Ponselnya bergetar, dia melihat nama pemanggilnya. Dirasa penting, ia menekan tombol hijau kemudian ia buat loudspeaker. Salah satu prinsipnya dalam mengendarai mobil adalah boleh menerima telepon asalkan ponselnya tidak dipegang.
"Jangan lama-lama di rumah Airis," ucap seseorang di seberang sana.

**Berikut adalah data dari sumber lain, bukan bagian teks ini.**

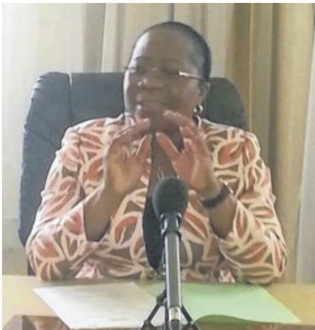
La ministre d'Etat Denise Mekam'ne au cours d'une séance de travail préparant "Octobre Rose".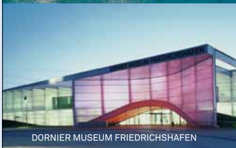
DORNIER MUSEUM FRIEDRICHSHAFEN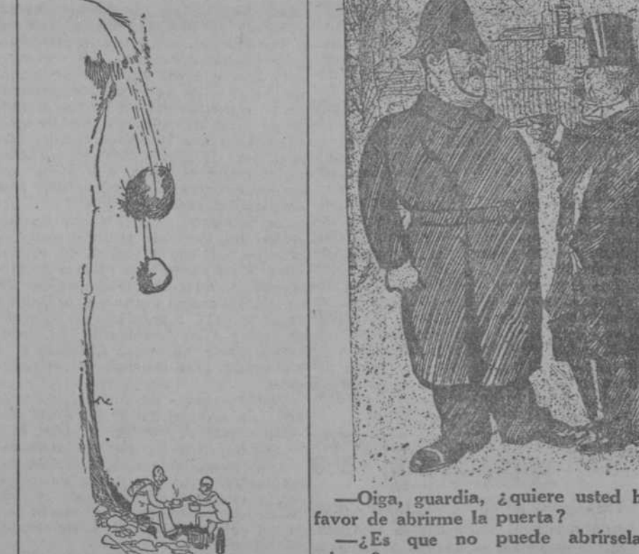
—¿Cuántos terrones? —Dos. (Dublin Opinion, Londres.)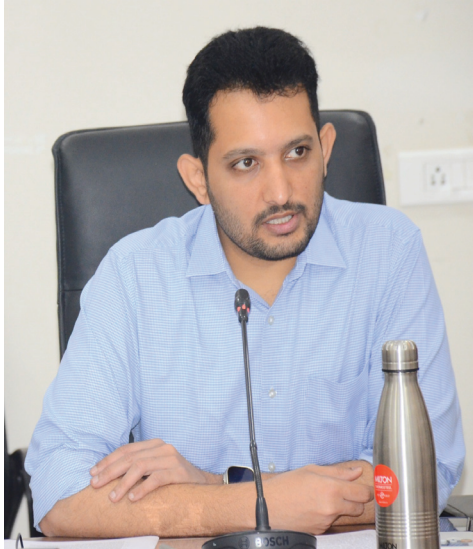
మేడ్చల్ జిల్లా కలెక్టర్ గౌతమ్ పోట్లు..

ప్రభుత్వ నిబంధనల మేరకు అర్జులైన రైతులకు రుణమాఫీ పథకం అందజేయాలి..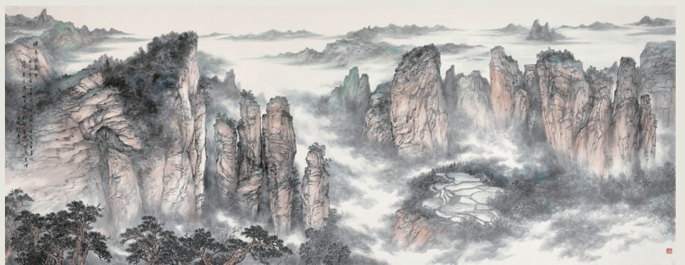
美协集体创作 《绿色张家界》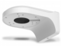
PFB203W - Dahua - Staffa a parete 122x76x160mm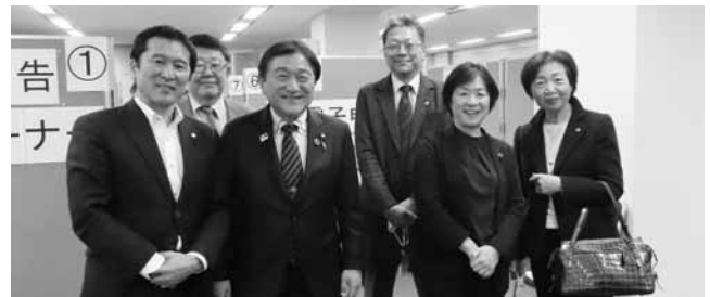
芳賀道也参議院議員 舟山康江参議院議員

2月17日、秋田県税理士会館（秋田市）において、東北税理士会秋田南支部の無料税務相談会が実施され、富樫博之衆議院議員、中泉松司元参議院議員、村岡敏英元衆議院議員が会場視察に訪れ、税政連から鈴木木夫秋田県税政連会長、高橋真一幹事長が対応した。いずれの議員も、会場型の税務支援に興味を示され、今年の申告内容の傾向及び相談内容の状況等についての質問があった。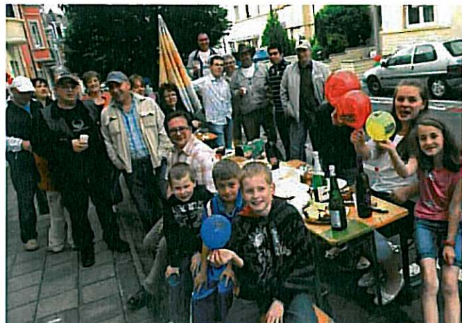
La pluie n'a pas dissuadé les voisins de la rue Michel-Rodange à Esch-sur-Alzette où des tables ont été installées pour déguster ce que chacun est venu apporter.

prendre part à l'opération «Immeubles en fête». En 2002, la dynamique s'amplifie encore : 126 municipalités et offices HLM sont partenaires. Pour cette 3 e édition nationale française, plus de deux millions d'habitants se sont mobilisés dans toute la France. En 2003, Immeubles en fête a pris une dimension internationale et s'est installé en Belgique et dans 10 villes européennes. Cette première édition européenne a permis d'atteindre les trois millions de participants. Lors de la 4 e édition, le 29 mai 2008, plus de 8 millions d'Européens se sont mobilisés. Cette année, les communes luxembourgeoises participantes à la manifestation étaient les suivantes : Beckerich, Bettembourg, Differdange, Dudelange, Esch-sur-Alzette, Hesperange, Hobscheid, Leudelange, Luxembourg, Mamer, Mondorlange, Reckange-sur-Mess, Remich, Rumelange, Steinsel, Strassen.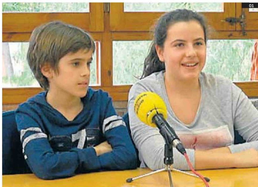
01. El programa farà participar els nens. 02. El petit príncep serà el leitmotiv que relligarà els continguts d'aquest 2014. CATALUNYA RÀDIO

"Apaan, sih? Gue kira penting banget sampe lo nelpon. Emangnya kenapa kalo gue lama-lama? Iri, lo?" Arlen tersenyum sambil menaikturunkan alisnya, bermaksud menggoda orang di seberang sana. Meskipun ia tahu bahwa tingkahnya tidak terlihat oleh lawannya.
"Ck, pokoknya gue udah ingetin. Jean ambil penerbangan yang lebih awal. Lo tahu 'kan, gimana tingkah si Jean kalo yang jemput kurang lengkap?" Terdengar nada khawatir dari kalimatnya. "Atau nggak, lo balik aja dulu. Gue nggak mau kejadian pas di London keulang lagi."
"Dan, ya, satu lagi. Ada peringatan dari Papa, lo harus hati-hati, jangan main-main mulu, jangan—"
Arlen menulikan telinga. Dia menepikan mobil kemudian menekan tombol merah pada layar ponselnya. Dia menghela napas. Menerima peringatan seperti itu malah semakin membuatnya kelelahan.
Dia menenangkan diri sejenak, membiarkan lengannya menutupi kedua matanya. Dua menit menyelami alam pikir sudah cukup untuknya membuat keputusan.
Arlen yang masih di dalam mobil celingukan, baru sadar kalau mobilnya berhenti di pusat kota, tempat dimana kedai-kedai makanan dan minuman dibuka ketika menjelang malam.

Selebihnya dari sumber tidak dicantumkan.